Published: 14 January 2022
Last updated: 4 March 2024
DEBORAH STONE: A major factor in enabling misconduct is the problematic impulse to conceal its existence. Concern for reputation must not trump transparency
WHILE CHOOSING A school for her daughter, about five years ago, a friend of mine asked the principal of a large Jewish school to outline the school’s bullying policy.
“You don’t need to worry about that,” replied the principal. “We don’t have bullying here.”
The school was promptly and wisely crossed off the parent’s list. Only the most naïve parent would believe such a claim. The principal was either woefully out of touch with the realities of school life or deliberately presenting an impossibly rosy picture to a prospective paying customer. Neither is an indication of a healthy institution.
Unfortunately, the tendency to present our communal institutions as immune from the usual social ills is strong within the Jewish community.
It came under the spotlight last month when The Age reported a case of teacher misconduct. Such cases are always upsetting, but there was an additional issue of concern on this occasion.
The Age reported that Mount Scopus principal Rabbi James Kennard had announced the departure of the teacher with a disingenuous email stating he had “resigned, due to personal reasons” and thanking him for his “great contribution to the college over 23 years”.
Only after the inevitable grapevine spread the information that an independent investigation had substantiated a current allegation and had prompted past students to come forward with similar allegations, did Rabbi Kennard notify the school community about the concerns.
According to the Age, “at least 10 women have accused the former senior teacher of misconduct towards them, when they were students”.
Rabbi Kennard said the case had been reported immediately to the Victorian Commission for Children and Young People.
Cases of bullying, abuse and impropriety can occur anywhere, but certain structures make them more likely.
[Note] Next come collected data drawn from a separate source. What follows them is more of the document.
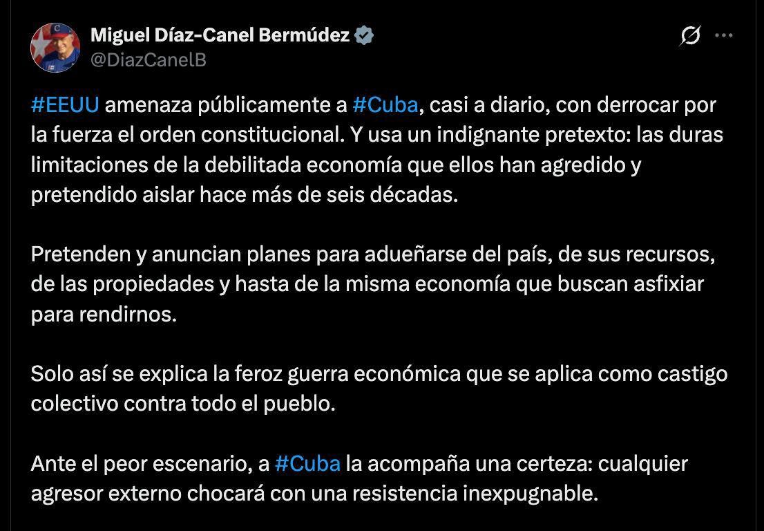 #Cuba is ready to resist in the event of a US attack, said its President Miguel Diaz-Canel.According to him, the Americans "almost daily" threaten Cuba with a violent overthrow of power, using as a pretext the economic problems that they themselves
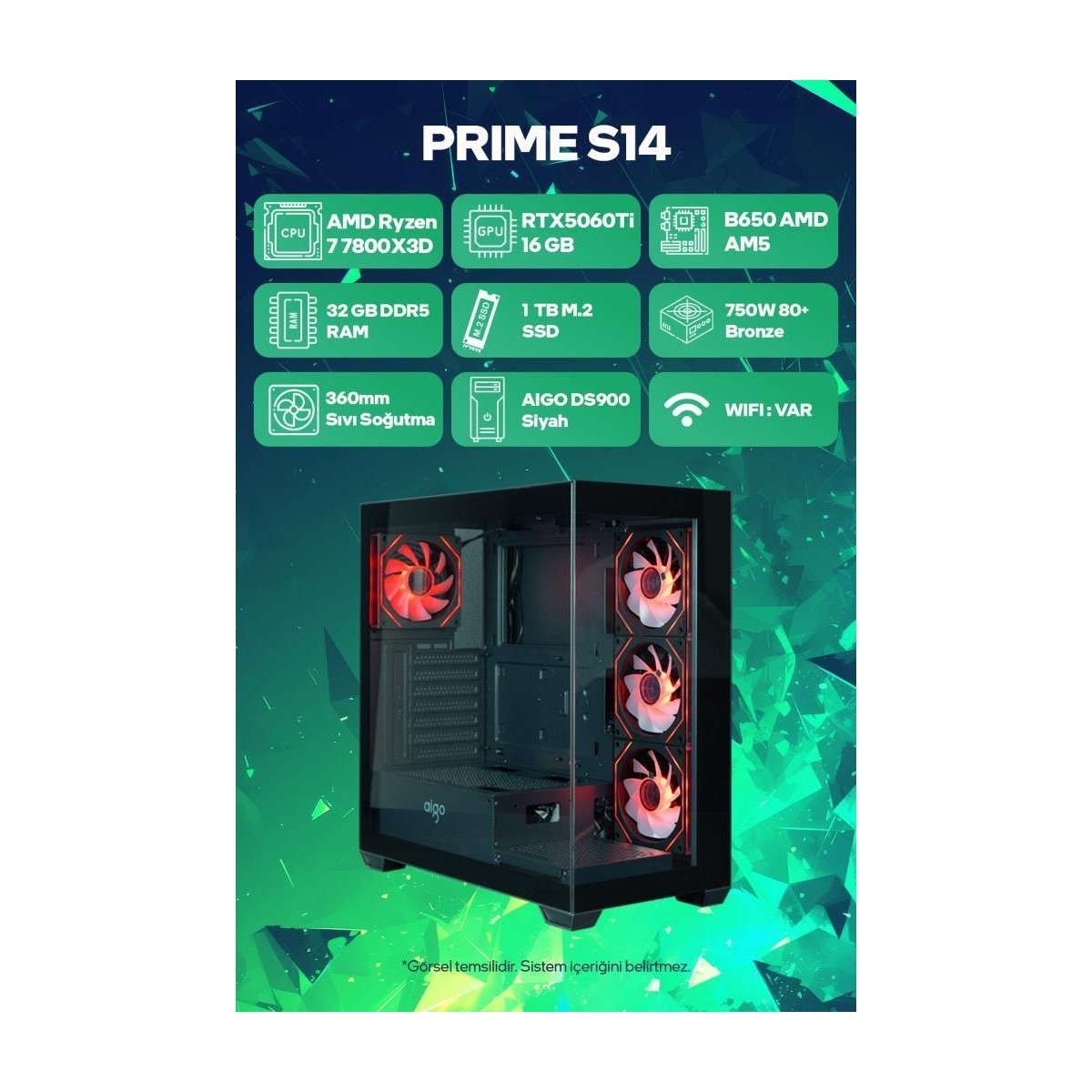 Game Garaj Prime S14 Amd Ryzen 7 7800X3D 32GB Ram 1tb SSD RTX5060TI 16GB 360MM Sıvı Soğutma Freedos Oyuncu Tavsiye Sistem
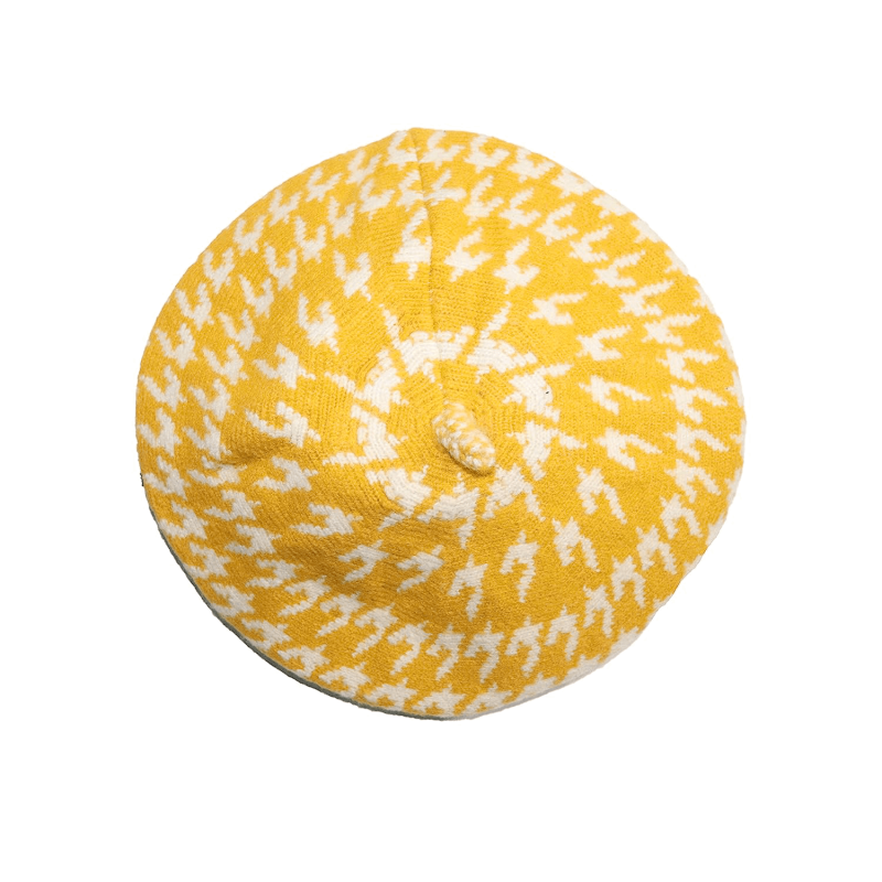 قبعة قبعة شتوية من قماش البيريه الفرنسي أبيض / أصفر
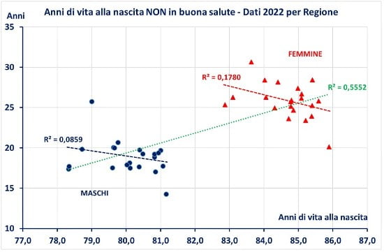 Figura 3. Relazione tra la speranza di vita alla nascita e gli anni di vita non in buona salute. Dati riferiti alle singole regioni. Anno 2022. Fonte Istat.
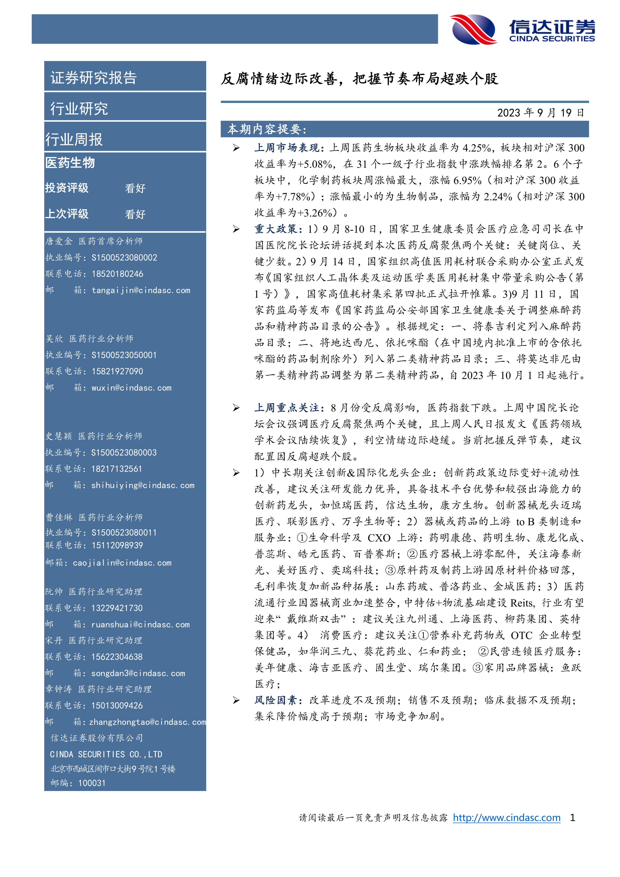 重大政策:1)9月8-10日,国家卫生健康委员会医疗应急司司长在中国医院院长论坛讲话提到本次医药反腐聚焦两个关键:关键岗位、关键少数。2)9月14日,国家组织高值医用耗材联合采购办公室正式发布《国家组织人工晶体类及运动医学类医用耗材集中带量采购公告(第1号)》,国家高值耗材集采第四批正式拉开帷幕。3)9月11日,国家药监局等发布《国家药监局公安部国家卫生健康委关于调整麻醉药品和精神药品目录的公告》。根据规定:一、将泰吉利定列入麻醉药品目录;二、将地达西尼、依托咪酯(在中国境内批准上市的含依托咪酯的药品制剂除外)列入第二类精神药品目录;三、将莫达非尼由第一类精神药品调整为第二类精神药品,自2023年10月1日起施行。
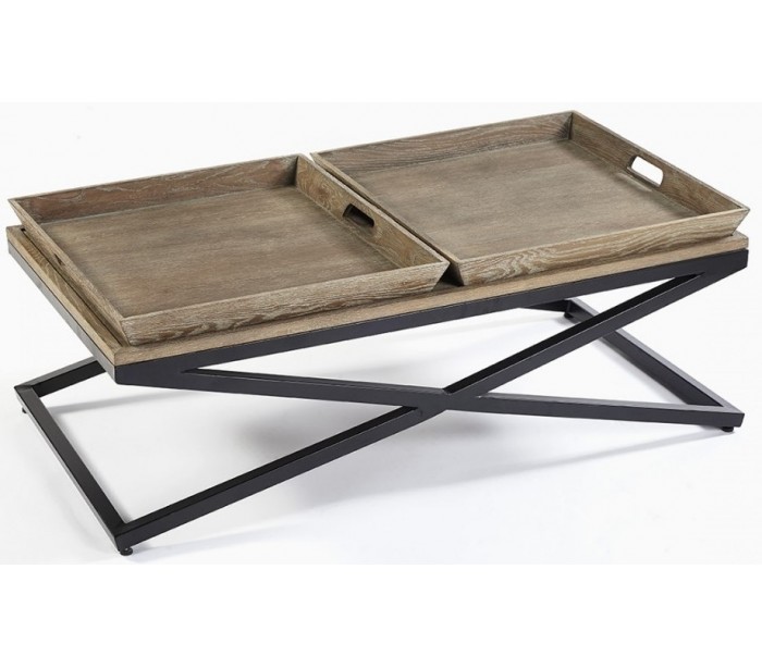 Sofabord udført i et rustikt design i antik sortlakeret metal og pigmenteret aldret egetræ. Sofabordet måler 120 x 65 cm i bredde og dybde og 45 cm i højden (inklusiv bakkerne). Bakkerne kan tages af.
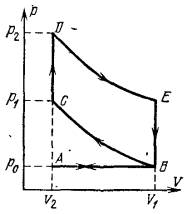 (ветвь АВ). При втором ходе поршня горючее адиабатически сжимается от V1
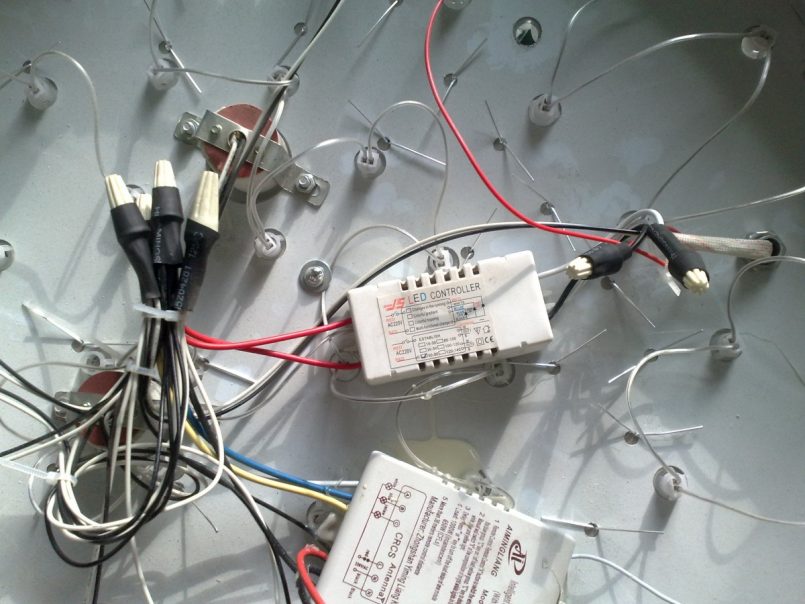 В результате у вас в конструкции люстры будет три провода: фаза, ноль, заземление.
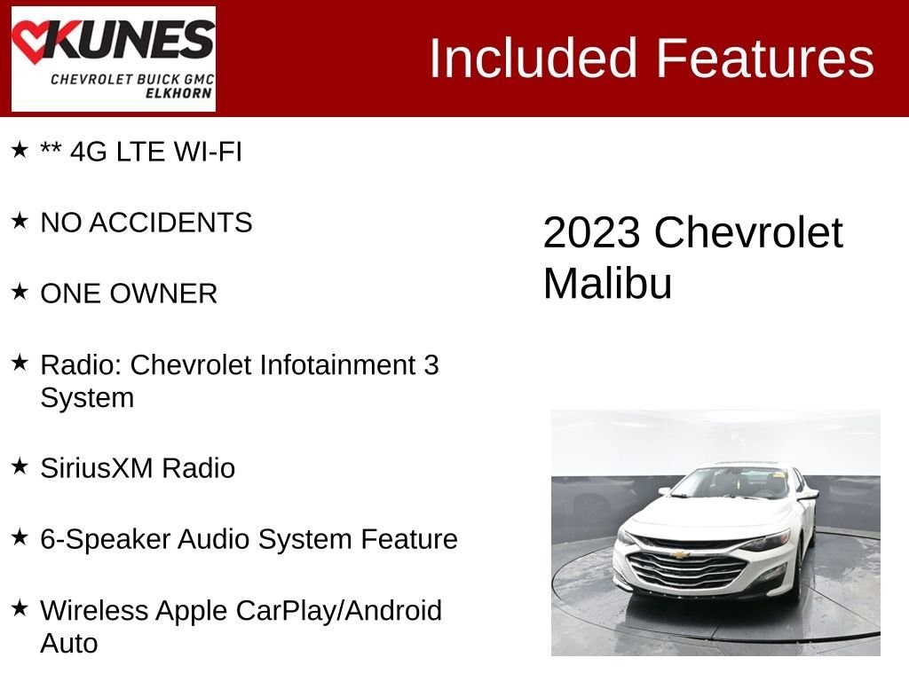2023 Chevrolet Malibu LT 1LT 1.5L DOHC CVT FWD Clean CARFAX. CARFAX One-Owner. 27/35 City/Highway MPG
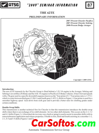 The new 62TE transaxle by the Chrysler Group is fitted behind a 3.5L V6 engine in the Avenger, Sebring and SebringConvertibles (JS Body) and the4.0L V6 engines in Pacifica(CS Body) vehicles. It has 6 forward speeds with a 7th gear used in a specific downshift sequence known as the “four prime (4′).” Four prime ratio is 1.573:1 w hich is a ratio between third gear (2.284:1) and fourth gear (1:452:1), Refer to Figure 1. Four prime is used for a smoother highway speed kick-down from sixth gear and to provide a better ratio for climbing grades under certain conditions.
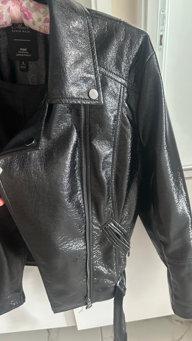 Kadın siyah parlak deri biker ceket, fitted kesim, tokalı detaylar, yaka kısmı notched lapel ve askılı kollara sahiptir. Romantik gece için uygundur.
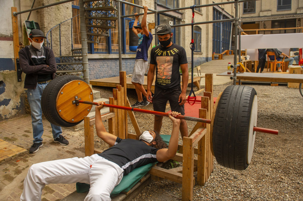 J.W.: Nous organisons des soirées spéciales depuis plusieurs années en collaboration avec le collectif bruxellois d’art et de fête Leaving Living Dakota : iels fournissent le line-up, nous fournissons le bon cadre. Grâce à elleux, Decoratelier s’est fait un nom en dehors du monde de l’art. Fait intéressant, c’était aussi le premier lien avec les jeunes du quartier. Depuis, certains d’entre eux travaillent régulièrement pour nous en tant que videurs ou barmans. De nouveaux plans en sont sortis pendant le confinement, comme le gymnase en plein air de M’hamed. Le temps et la confiance sont essentiels. Avec Camille Thiry, nous avons eu une médiatrice en interne cet été qui s’est concentrée exclusivement sur le contact avec le quartier. Grâce à elle et aux nombreuses conversations que nous avons eues ces dernières années, nous comprenons un peu mieux la diversité au sein d’un tel groupe de jeunes et nous ne devons pas fermer la porte à tout le monde si quelques-un.e.s font parfois des erreurs. De plus, je suis suffisamment anti-autoritaire pour comprendre certains de leurs réflexes et engager un dialogue vulnérable. Il était clair dès le départ que nous ne sommes pas des travailleur.euse.s sociaux.iales et qu’iels ne sont pas un groupe-cible dans notre dossier de subventions. S’iels veulent faire quelque chose de cet endroit, nous pouvons les aider, mais iels doivent d’abord le faire elleux-mêmes.
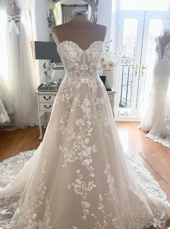 Bohemian Sweetheart Wedding Dresses with Lace Appliques Court Train Bridal Gowns
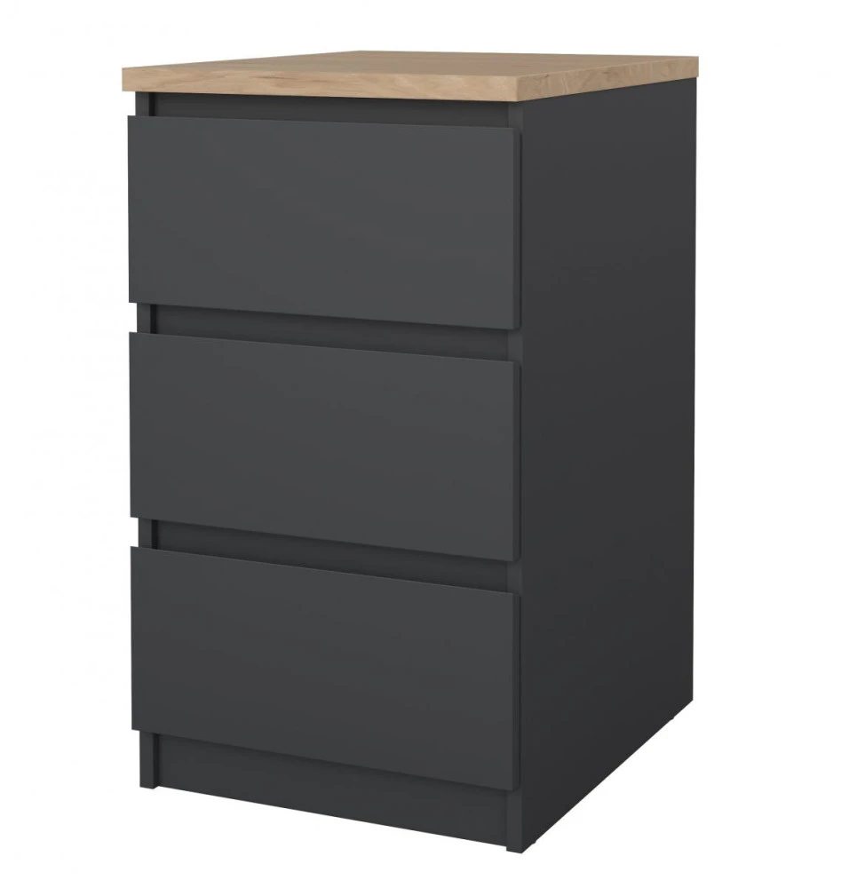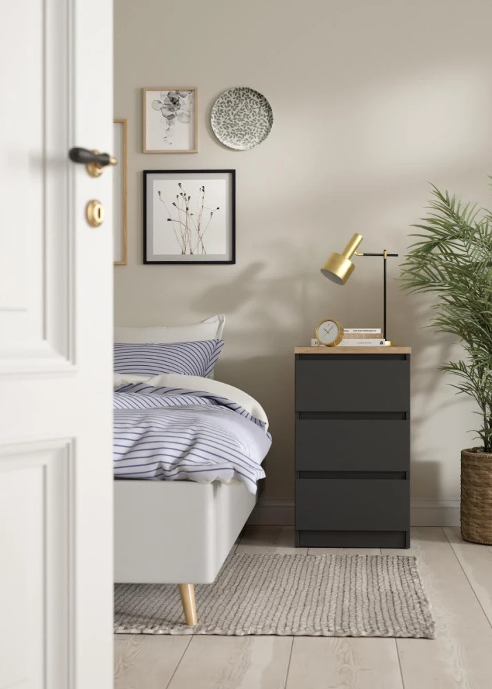 Komoda Simplicity v nadčasovém minimalistickém designu bez úchytek dodá moderní nádech vašemu interiéru. Díky svému provedení nabízí univerzální použití třeba jako noční stolek nebo zásuvková skříňka k psacímu stolu. Sortiment této řady vyrobené z kvalitního lamina nabízí noční stolky, postele, komody, botníky a další úložné prostory v široké škále barevných variant a velikostí.
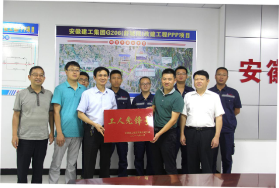 2017年7月20日上午,安徽建工集團工會(huì )副主席吳曉伍蒞臨安徽建工集團G206(舒城段)改建工程項目部開(kāi)展“安徽建工集團工人先鋒號”工程創(chuàng )建驗收工作,安建建設黨委書(shū)記王可武、工會(huì )主席汪樂(lè )生及公司黨群部門(mén)負責同志陪同。

A major factor in enabling misconduct is the understandable but problematic impulse to conceal its existence.
The Jewish community is justifiably proud of its many fine organisations, and perhaps most of all its school system, which regularly generates not only some of the top academic results in the country but also produces graduates with strong values, deep cultural attachment and an intense sense of community.
Pride in our institutions can blind us to their weak spots. Even the best barrels have bad apples: the question is what we do when we find them.
But pride in our institutions can blind us to their weak spots. Even the best barrels have bad apples: the question is what we do when we find them.
Jewish day schools are highly competitive, client-focused organisations. On the one hand, that competition can make them prepared to go the extra distance to meet the individual needs of students and to respond to parental concerns.
On the other hand, selling education through customer focus is not always in the best interests of students. Parent-pleasing doesn’t always give children the distance they need to develop. Attention to how a school is perceived by current and potential customers is a barrier to acknowledging and addressing problems.
A superficial and short-term focus on reputation is a foolish, damaging and dangerous strategy. It is foolish because it doesn’t work. In a community where information spread is efficient and impossible to control, it was always inevitable that the reason a Scopus teacher had left would become widely known.
It is damaging because everything a school does has an educative outcome, whether intentionally or otherwise. The response to a misconduct case must demonstrate a school’s commitment to rooting out offenders. Anything less will educate students - and teachers - in the opposite.
It is dangerous because we know abuse and bullying thrive, paradoxically, in situations where institutions fail to acknowledge their existence.
Schools, and religious schools, in particular, are vulnerable places because they are places where adults have power over children and therefore the opportunity to misuse it.
Throw reputational concerns into the mix, and the dangers increase. As the Report of the Royal Commission into Institutional Responses to Child Sexual Abuse noted, “an institution that prioritises its reputation over the care and safety of children creates barriers for victims to disclose harm and for bystanders to report concerns.”
The Jewish community has not suffered from the widespread cases of misconduct, physical or sexual abuse seen in some other religious frameworks, notably the Catholic system. We are a less hierarchical religion, we have a healthier attitude to – at least heterosexual – sex, and we have a culture that teaches our children to ask questions and speak up.
But we are not immune. In recent years allegations of misconduct of various kinds have been made against individuals in several Jewish schools or communal organisations.
The response to a misconduct case must demonstrate a school’s commitment to rooting out offenders. Anything less will educate students - and teachers - in the opposite.
The most extreme cases – those which have reached the criminal courts – have occurred in ultra-Orthodox sections of Melbourne’s Jewish community, which have stronger power structures and more of a culture of submission and shame.
Shame is always a problematic emotion, but it is particularly unhelpful as an organisational response to misconduct because it aggravates the pressure towards secrecy.
In the Jewish community, the pressure to guard institutional reputation is aggravated by fear of the non-Jewish response to anything that makes Jews imperfect citizens. Keeping under the radar has become a Jewish habit in a hostile world.
But misconduct in relation to children is not a situation where no news is good news. Whether it is schoolyard bullying, teacher impropriety or sustained exploitation, abuse happens. The appropriate response is relief a case has come to light, frank disclosure, and renewed efforts to minimise future cases.